◆ **Work to complete**
Range to repeat from the listing below: the line containing "Für das Dressing" down to the line containing "Купить ротационный лазерный", both included. Copy it exactly, pictures excluded, and add nothing else.

◆ **Input material**

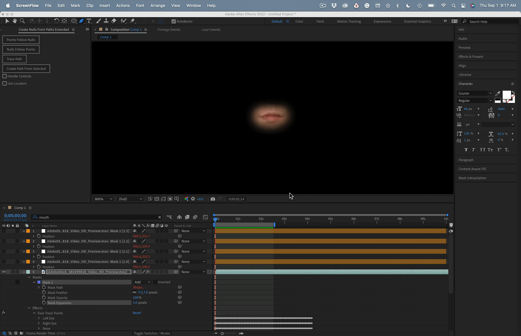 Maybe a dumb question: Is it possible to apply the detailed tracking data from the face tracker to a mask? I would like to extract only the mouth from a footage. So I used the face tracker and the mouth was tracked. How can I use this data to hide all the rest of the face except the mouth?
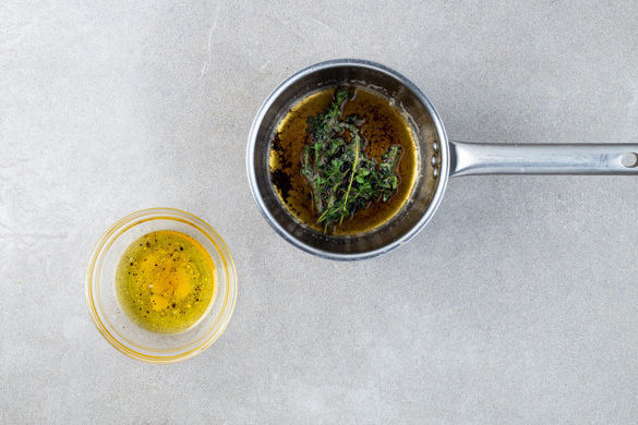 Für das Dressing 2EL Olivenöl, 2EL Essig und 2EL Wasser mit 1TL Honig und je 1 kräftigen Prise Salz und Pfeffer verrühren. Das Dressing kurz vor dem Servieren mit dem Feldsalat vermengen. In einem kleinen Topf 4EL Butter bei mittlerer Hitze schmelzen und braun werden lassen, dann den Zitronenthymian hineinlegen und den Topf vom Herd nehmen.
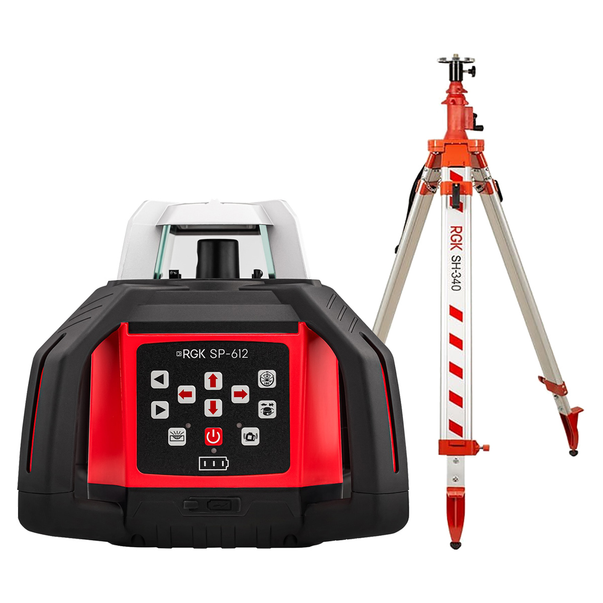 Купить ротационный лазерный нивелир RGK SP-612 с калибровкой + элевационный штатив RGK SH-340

==

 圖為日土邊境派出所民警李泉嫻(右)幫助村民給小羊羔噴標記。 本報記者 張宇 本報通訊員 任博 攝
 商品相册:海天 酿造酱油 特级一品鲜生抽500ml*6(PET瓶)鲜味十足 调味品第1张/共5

...

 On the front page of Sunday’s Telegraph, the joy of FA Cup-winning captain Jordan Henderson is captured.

◆ **Written solution**
 Für das Dressing 2EL Olivenöl, 2EL Essig und 2EL Wasser mit 1TL Honig und je 1 kräftigen Prise Salz und Pfeffer verrühren. Das Dressing kurz vor dem Servieren mit dem Feldsalat vermengen. In einem kleinen Topf 4EL Butter bei mittlerer Hitze schmelzen und braun werden lassen, dann den Zitronenthymian hineinlegen und den Topf vom Herd nehmen.
 Купить ротационный лазерный нивелир RGK SP-612 с калибровкой + элевационный штатив RGK SH-340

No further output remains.